Rare animals emerge after 20 years of reforestation in NW China

37 species under national protection have been observed in the Ziwuling area, thanks to massive reforestation efforts.

Photo: Treehugger/CC BY 2.0 Rog01

 

A few months ago I wrote about how China is planting 16.3 million acres of forest this year alone, with plans to increase forest coverage to 23 percent of its total landmass by the end of the decade.

And you know what happens when you coax a forest back into being? Creatures great and small find a place to call home … and begin to thrive again.

If anyone was looking for proof of this simple equation, they may need look no further than the Ziwuling Forest Area in Yan’an, Shannxi province. After two decades of “massive reforestation projects” in the area, the payoff is becoming evident.

Researchers from Beijing Normal University have been using infrared cameras to check in on Ziwuling’s wildlife, and they have photographed all kinds of rare species. From golden pheasants and red foxes to roe deer, the menagerie of threatened animals adds to an earlier discovery of the largest-ever population of North-Chinese leopards in the area.

“The nature reserve has a large population of wild boars and roe deer, as well as small and medium-sized carnivorous animals such as ocelots and red foxes. If it was not for environmental protection we’ve undertaken, it’s likely none of these animals would have survived,” said Feng Limin Feng, associate professor from Beijing Normal University.

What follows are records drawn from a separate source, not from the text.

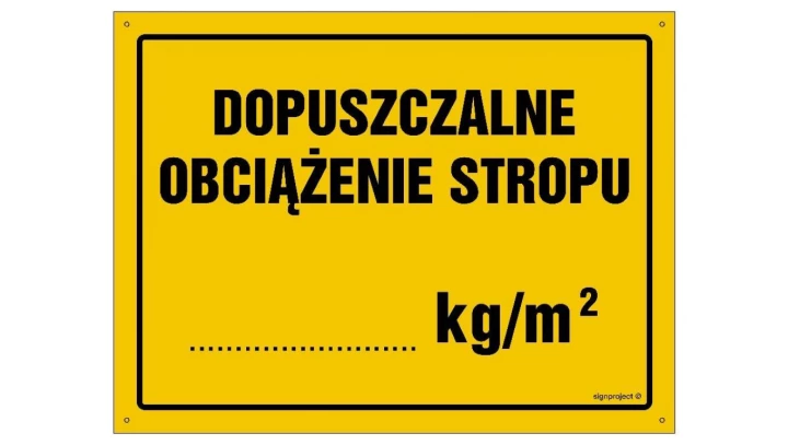 ZNAK - OA056 Dopuszczalne obciążenie stropu 35 x 25 cm BN - Płyta żółta 0,6mm
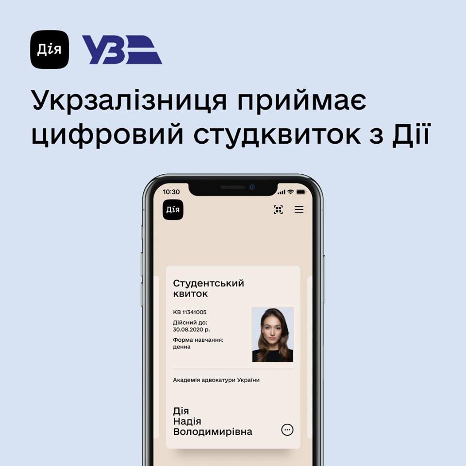 "Укрзалізниця" дозволила студентам користуватися цифровим студентським квитком з мобільного додатка "Дія" при посадці в поїзд.
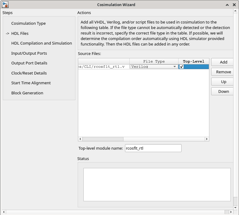 . This module is the Verilog/VHDL module you use for cosimulation. If you do not seercosflt_rtl
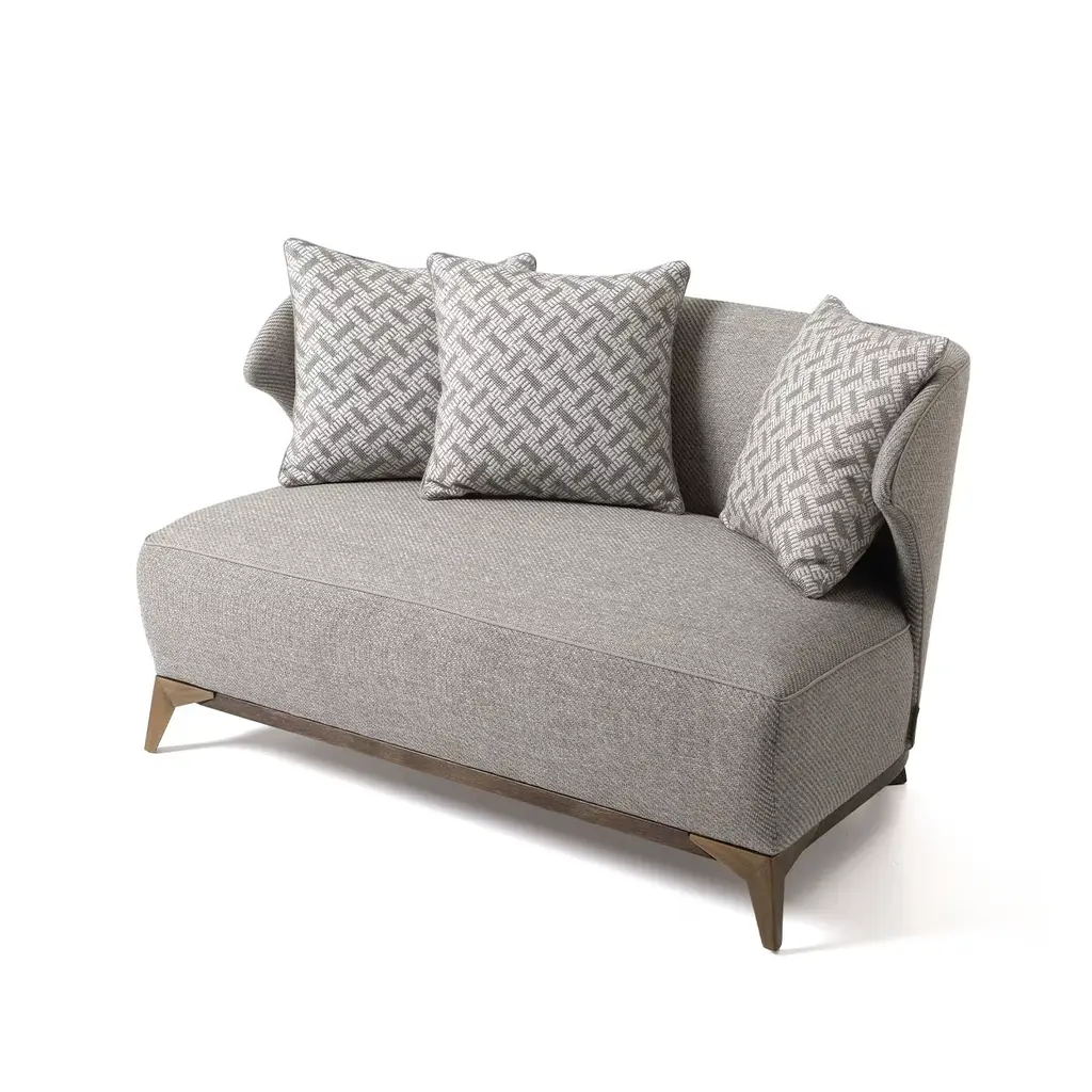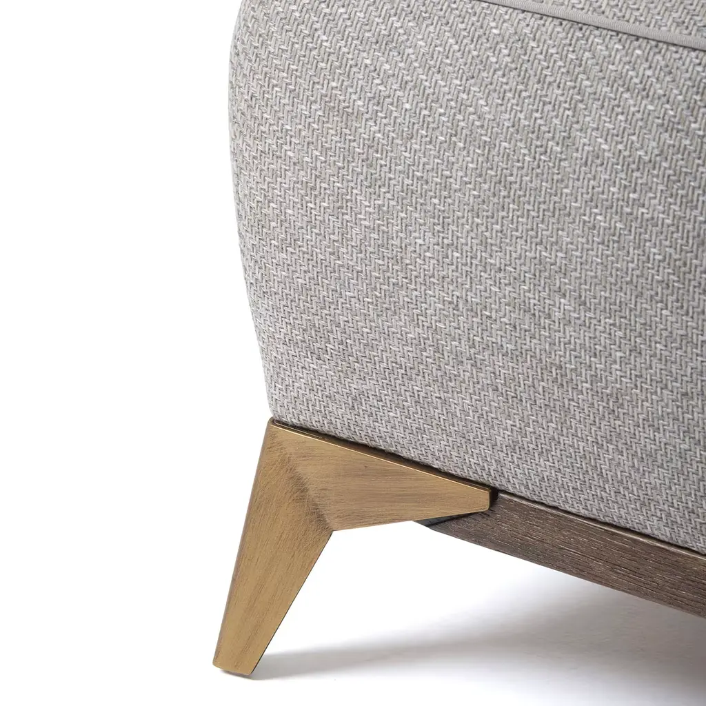 The Agostina sofa offers exceptional comfort with its spacious seat and youthful, dynamic lines. A timeless classic, this compact sofa is perfect for an entrance hall or narrow spaces. The base is made of patinated oak, and the front legs are in burnished brass. It pairs perfectly with the Agostina armchair to create a playful, timeless design. Decorative cushions not included.

The researchers say that so far they have catalogued a whopping 263 different species in Ziwuling, including eight endangered species under critically endangered first-class national protection, and another 29 under second-class national protection.

It’s really not rocket science. Animals the world over are being threatened with extinction because of habitat destruction. Stop that destruction, put some effort in refurbishing the natural landscape, and give the animals a fighting chance at survival. And if we’re all lucky, they may even thrive.